Does any of this sound familiar?

These are the words I hear most often from neurotypical partners. If you're reading this and nodding — you're in exactly the right place.

You might be thinking..."I feel like I'm parenting my partner, not partnering with them. I carry everything — the planning, the remembering, the emotional labor — and I'm so tired."

You might be thinking..."When I try to explain how I feel, somehow I end up being the one who apologizes. My feelings get turned around and I start to wonder if I'm the problem."

You might be thinking..."I love them — I really do. But I've lost myself in this relationship. I can't remember the last time I felt truly seen or emotionally held by my partner."

You might be thinking..."I've tried talking to friends about it but they don't understand. My partner seems fine to everyone else. I feel crazy, or like I'm being too sensitive."

You might be thinking..."I grieve the relationship I thought we'd have. I grieve being truly known. I'm not sure if I'm staying out of love or out of fear of what leaving would mean."

You might be thinking..."I don't want to leave. I want things to change. I want my partner to understand what this has been like for me — and I want us to actually find each other again."

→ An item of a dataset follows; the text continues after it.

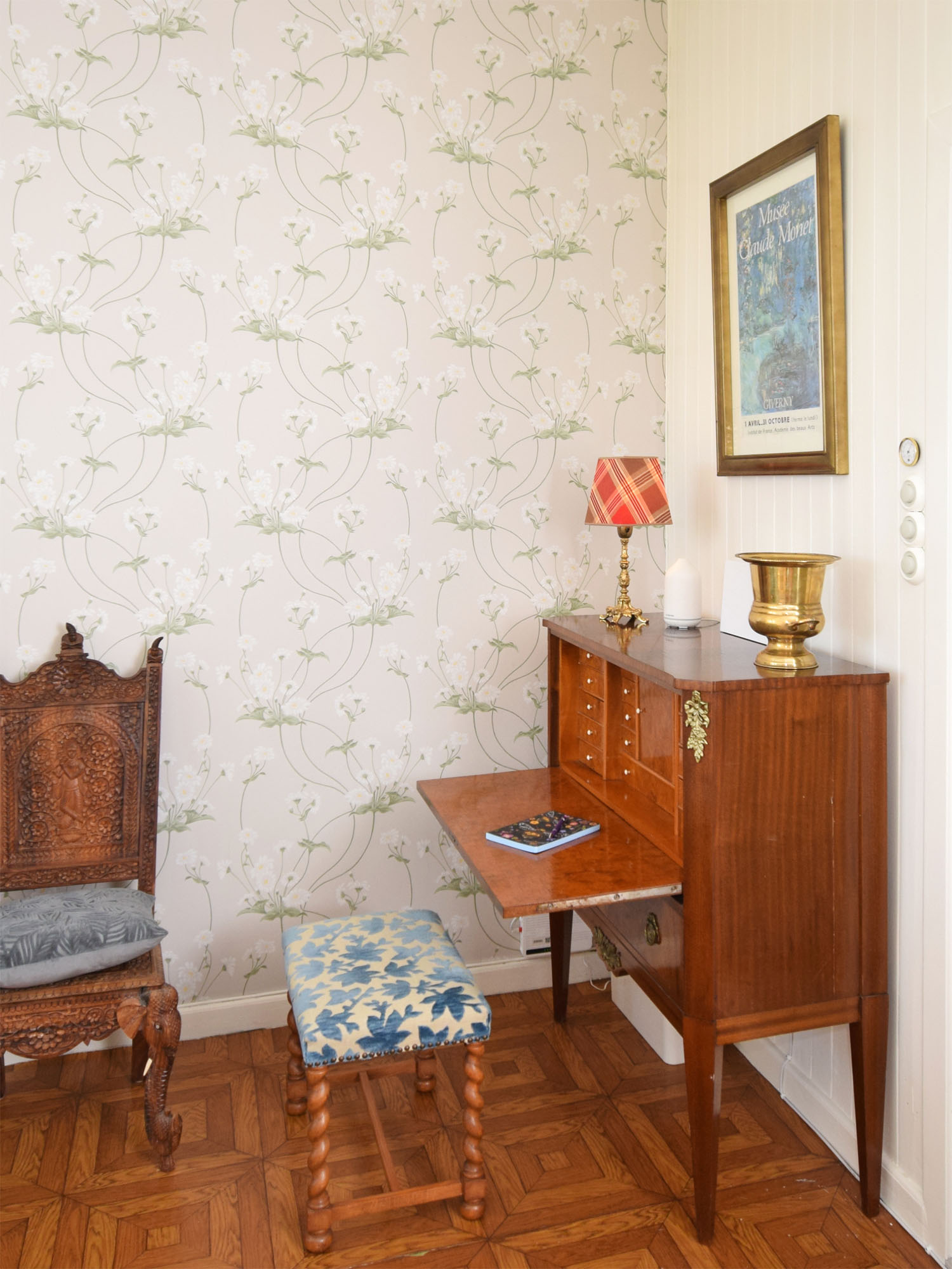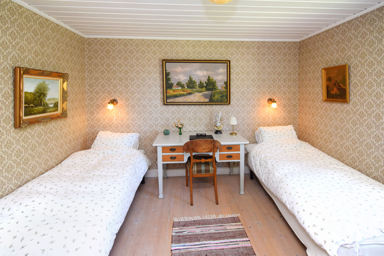 Det andra sovrummet är charmigt inrett med matchande tapeter i mönster och tidsenlig kulör Rummet är idag inrett med bla: två enkelsängar, tidsenligt skrivbord och stol samt byrå. Elelement med termostat under fönster med utsikt över ingång med bla stenportar och blomster, rabatter och växter Bevarade ljusa trägolv. Tapetserade väggar. Ljus träpanel i tak. Breda golvlister Spegeldörr och bevarad dörrstock

"You are not too sensitive. You are not asking for too much. You have been carrying something very heavy, often in silence — and that deserves to be witnessed."

Understanding the Dynamic

What Is Cassandra Syndrome?

Cassandra Syndrome — also called Cassandra Affective Deprivation Disorder (CADD) — describes the experience of the neurotypical partner in a neurodiverse relationship. The name comes from the Greek myth of Cassandra, who could see the truth clearly but was never believed.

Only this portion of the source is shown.